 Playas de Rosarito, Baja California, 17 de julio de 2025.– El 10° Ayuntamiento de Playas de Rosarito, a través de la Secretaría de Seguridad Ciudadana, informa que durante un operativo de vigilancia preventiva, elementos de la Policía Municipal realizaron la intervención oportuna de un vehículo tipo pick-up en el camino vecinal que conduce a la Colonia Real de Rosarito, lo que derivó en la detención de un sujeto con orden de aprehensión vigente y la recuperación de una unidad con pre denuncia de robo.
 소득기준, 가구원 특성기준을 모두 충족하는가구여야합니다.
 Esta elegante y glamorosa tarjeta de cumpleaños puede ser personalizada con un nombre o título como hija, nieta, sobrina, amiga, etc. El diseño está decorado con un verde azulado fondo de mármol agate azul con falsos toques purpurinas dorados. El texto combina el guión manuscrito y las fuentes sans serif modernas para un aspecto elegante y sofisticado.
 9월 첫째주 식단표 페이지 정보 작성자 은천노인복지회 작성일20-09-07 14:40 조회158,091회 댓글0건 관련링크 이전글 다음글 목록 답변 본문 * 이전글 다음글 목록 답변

○ ○ ○ ○

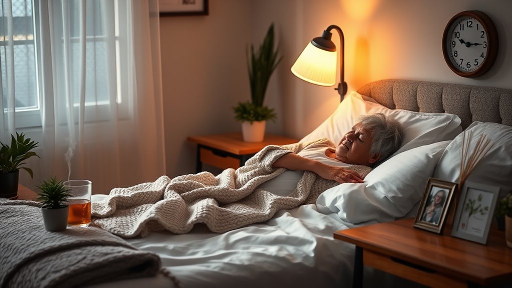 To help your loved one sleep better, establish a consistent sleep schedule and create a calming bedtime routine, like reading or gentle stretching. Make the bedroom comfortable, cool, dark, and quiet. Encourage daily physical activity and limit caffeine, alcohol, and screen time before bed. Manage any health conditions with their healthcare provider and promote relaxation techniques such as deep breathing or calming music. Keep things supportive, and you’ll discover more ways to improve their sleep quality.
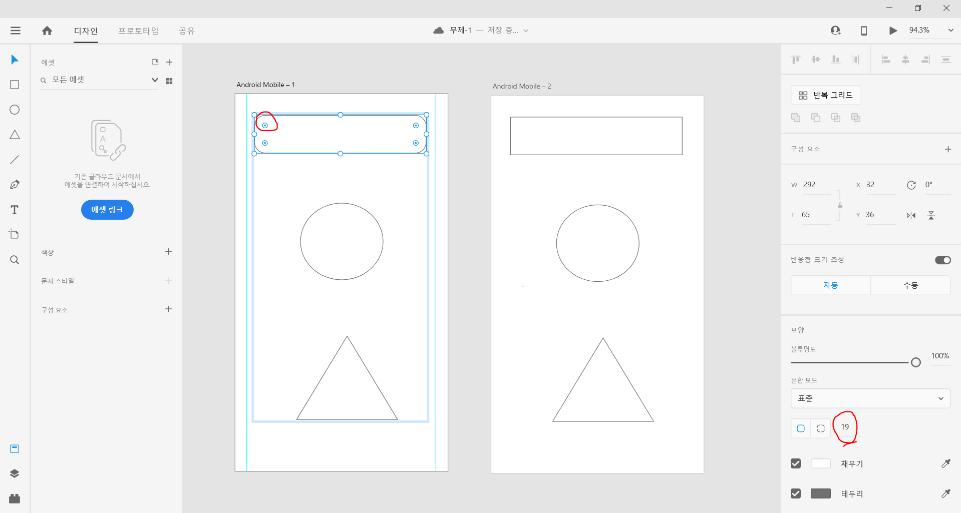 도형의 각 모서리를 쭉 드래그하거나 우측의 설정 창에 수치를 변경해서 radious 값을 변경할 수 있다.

○ ○ ○ ○

- Work instructions
Starting at the line that has "Esta elegante y" in the records above, restate word for word every line until the one that has "9월 첫째주 식단표 페이지", and include that one as well.

- Worked solution
 Esta elegante y glamorosa tarjeta de cumpleaños puede ser personalizada con un nombre o título como hija, nieta, sobrina, amiga, etc. El diseño está decorado con un verde azulado fondo de mármol agate azul con falsos toques purpurinas dorados. El texto combina el guión manuscrito y las fuentes sans serif modernas para un aspecto elegante y sofisticado.
 9월 첫째주 식단표 페이지 정보 작성자 은천노인복지회 작성일20-09-07 14:40 조회158,091회 댓글0건 관련링크 이전글 다음글 목록 답변 본문 * 이전글 다음글 목록 답변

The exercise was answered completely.